Perhaps, then, he can spare himself this one indulgence.


Stars are a constant on every world, Spock finds. He knows this intellectually but it is something different to see it for himself. Even when he is older and finally attending Starfleet Academy the stars provide a welcome backdrop to the many unknowns which plague his mind. He is not alone in this comfort; many of the Academy students find comfort in the night, and no one finds it odd if he is prone to walking late or taking out his personal telescope during the twilight hours.

He still wishes on the stars, and not just the burning meteors that humans call 'shooting stars'. He looks up at them and sees a landscape not much different than that of his home on Vulcan. He makes the same wishes: Peace. Stability. Wisdom. Success.

It is akin to a meditation. Spock's life has not been very stable as of late. His departure from Vulcan was fraught with tension. Sarek did not agree with his leaving. His time at the Academy has also been difficult. But his studies have been proceeding well. Still – Spock has never been satisfied with a fifty-percent success rate. These are matters to work toward, then.


The Enterprise's Observation Deck is a popular place. Crewmen filter in and out of the room at all hours to gaze at the wide window of transparent aluminum that shows an immediate vista of stars. It is hard to obtain privacy here, but Spock occasionally ventures into the place nevertheless.

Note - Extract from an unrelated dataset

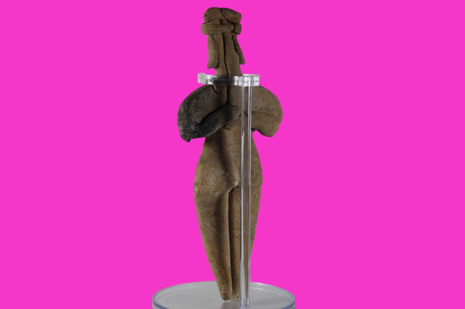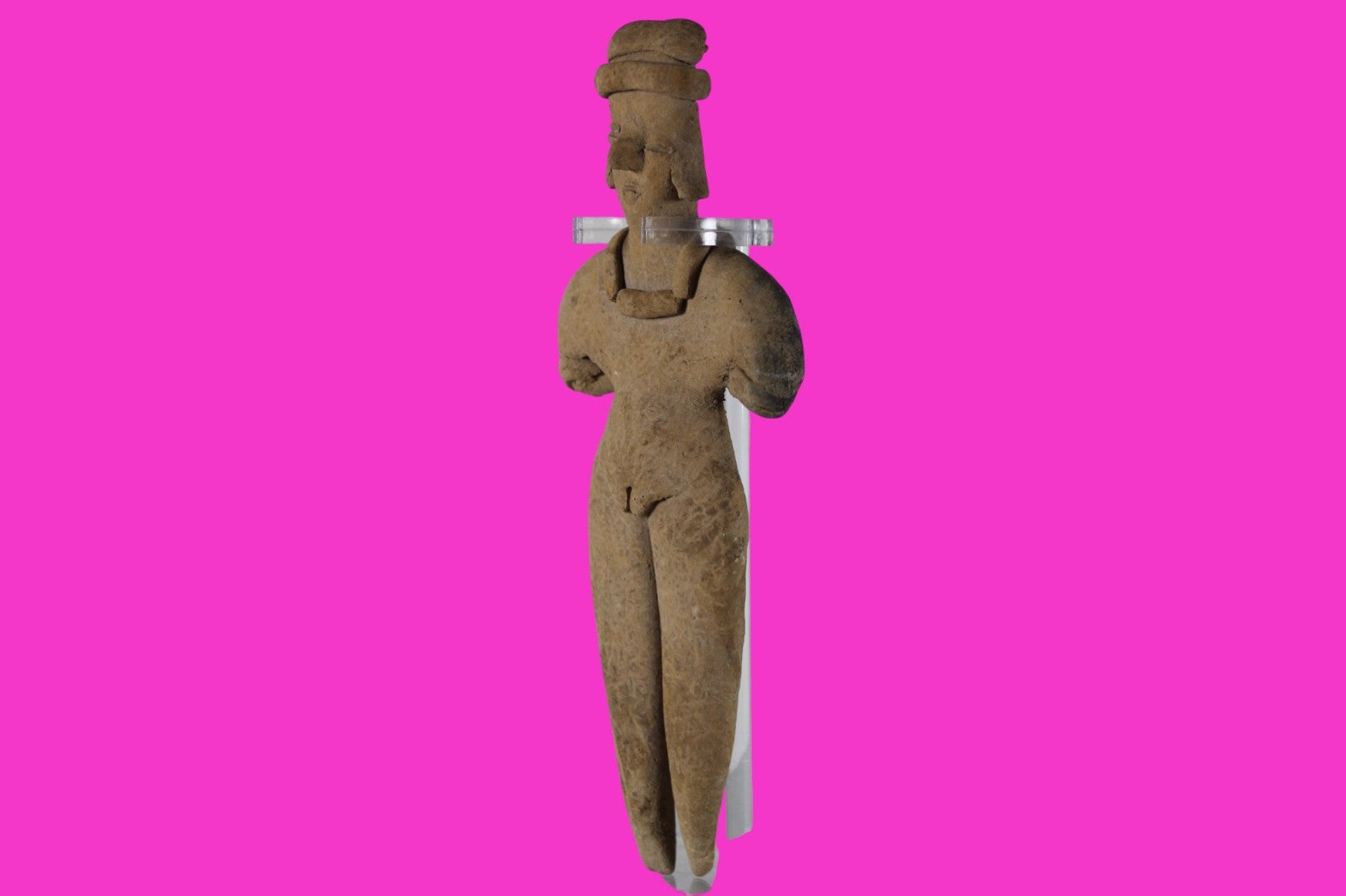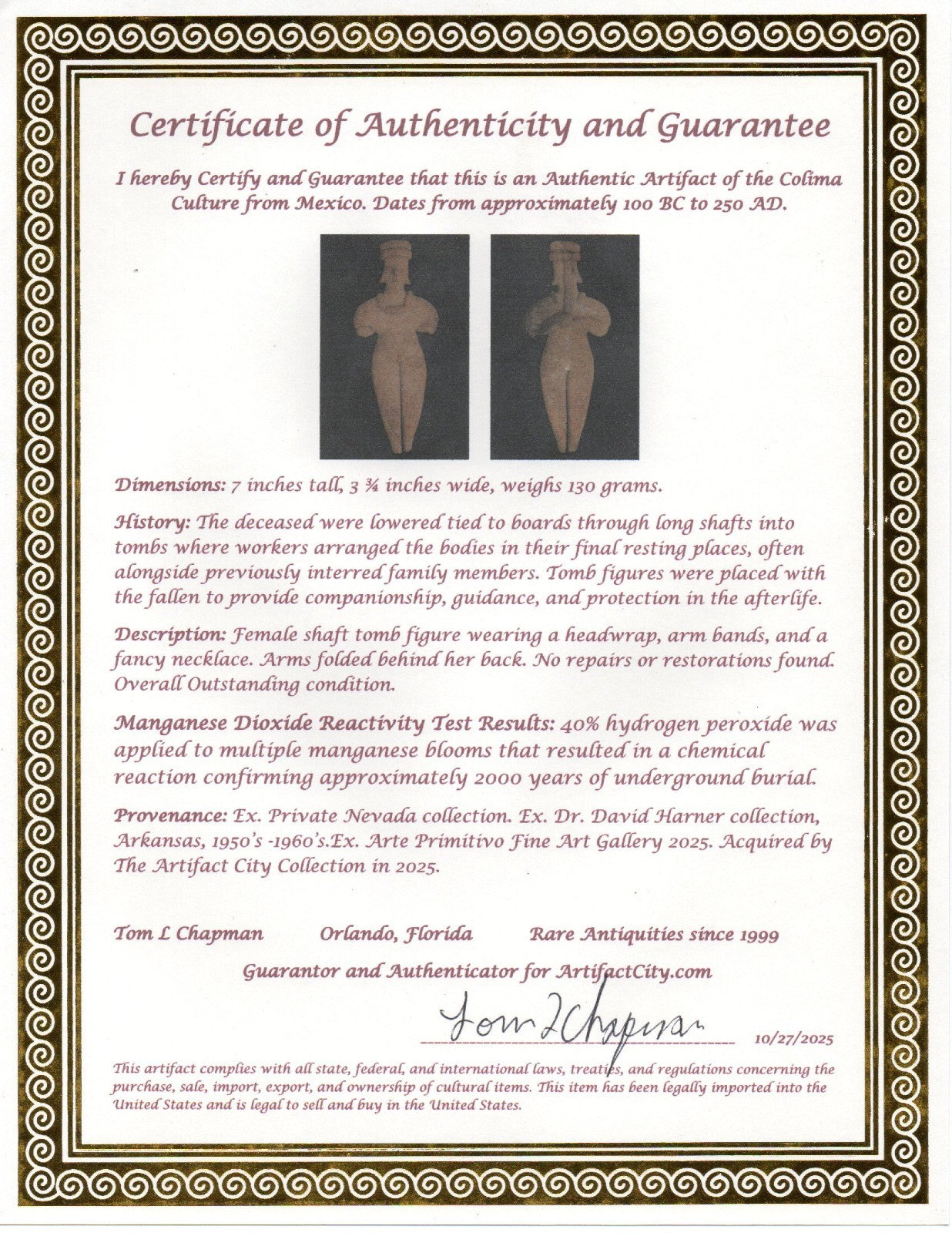 Dimensions: 7 inches tall, 3 ¾ inches wide, weighs 130 grams. History: The deceased were lowered tied to boards through long shafts into tombs where workers arranged the bodies in their final resting places, often alongside previously interred family members. Tomb figures were placed with the fallen to provide companionship, guidance, and protection in the afterlife.Description: Female shaft tomb figure wearing a headwrap, arm bands, and a fancy necklace. Arms folded behind her back. No repairs or restorations found. Overall Outstanding condition. Manganese Dioxide Reactivity Test Results: 40% hydrogen peroxide was applied to multiple manganese blooms that resulted in a chemical reaction confirming approximately 2000 years of underground burial. Provenance: Ex. Private Nevada collection. Ex. Dr. David Harner collection, Arkansas, 1950’s -1960’s.Ex. Arte Primitivo Fine Art Gallery 2025. Acquired by The Artifact City Collection in 2025.
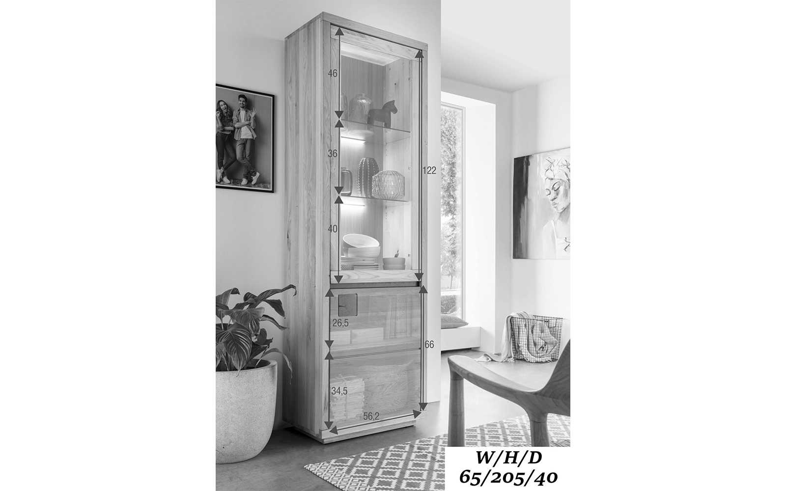 Cu dimensiuni de 65×205×40 cm și o greutate de 60,5 kg, această vitrină îmbină perfect durabilitatea, designul contemporan și funcționalitatea, fiind o alegere ideală pentru livinguri, sufragerii sau chiar spații open-space decorate în stil modern și loft.

Thankfully his own presence is often enough to deter other onlookers.

His place on the Enterprise has been satisfactory for over a decade, though Spock has often felt less than entirely fulfilled with his work. Personal feelings, however, are irrelevant; his work has been important and excellent on an objective scale. So he has remained.

During the last few months of Captain Kirk's captaincy he has felt a certain shift. He is not certain, however, what it signifies – not certain if the change is positive or negative. He is confident this matter will reveal itself in time.

As a particularly bright, piercing star rolls into view, Spock takes a breath. He hears the door slide open behind him and ignores it; no one will disturb him. He makes a wish. He wishes for Safety. He wishes for Peace and the ability to find Logic. He wishes for Competence in his work. He wishes for -

“Spock! I was told you were here.”

Spock startles and turns around. Kirk looks vaguely guilty. “I'm sorry – I didn't mean to surprise you,” he says.

“Not at all, Captain.”

Kirk follows his gaze. “They are beautiful, aren't they? I used to stargaze myself, back in Iowa – the vision doesn't seem to compare, now.” A smile curves at the edge of his mouth.

“I have no opinion on the matter.”

“Oh, I'm sure,” says Kirk lightly. “What about chess, Mr. Spock?”


“Do you have an opinion on that? Because we missed our last game. I was wondering if you'd care to join me in the rec room. If you're not busy.”

“...Certainly, Sir.”

Kirk leads the way with one last, fond look out the window. Spock tries to remember the last part of his list – he cannot quite manage it.

He has never dared to wish for something as wonderful as a friend.